**What you are asked to do:**
Skip the pictures and write out, word for word, the lines below from the one with "胡外婆 外婆的手工酸辣小笋 取当天挖来的野生嫩笋尖 去老根留嫩芯" through the one with "circa 1750, the", inclusive.

**Material provided:**
==================================================
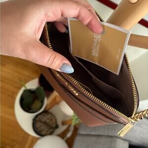 Michael Kors Jet Set Travel Dome Crossbody Bag Saffiano Leather Gold-Tone
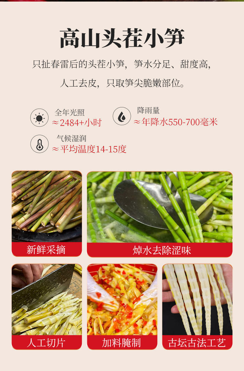 胡外婆 外婆的手工酸辣小笋 取当天挖来的野生嫩笋尖 去老根留嫩芯
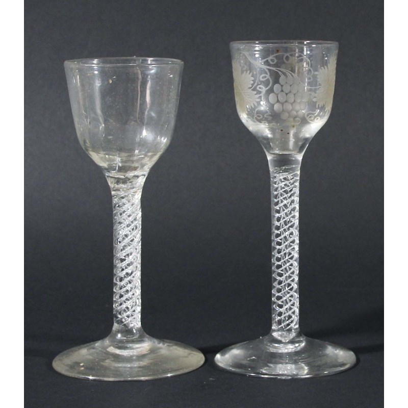 circa 1750, the ogee bowl engraved with fruiting vines on a stem with a central cable inside four spirals, height 15cm; together with another with an ogee bowl with moulded fluting on a stem with a central cable inside four spirals on a spreading foot, height 14.5cm (2)
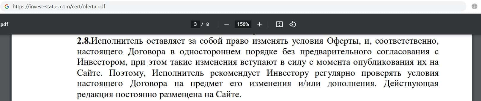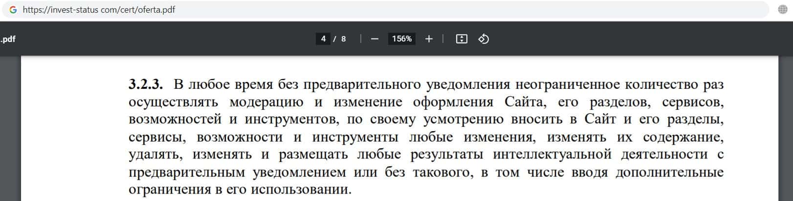 Ещё контора Инвест Статус указала в соглашении пункт, согласно которому жулики могут изменять свой сайт и его содержание по собственному усмотрению неограниченное количество раз.
==================================================
**Response below:**
 胡外婆 外婆的手工酸辣小笋 取当天挖来的野生嫩笋尖 去老根留嫩芯
 circa 1750, the ogee bowl engraved with fruiting vines on a stem with a central cable inside four spirals, height 15cm; together with another with an ogee bowl with moulded fluting on a stem with a central cable inside four spirals on a spreading foot, height 14.5cm (2)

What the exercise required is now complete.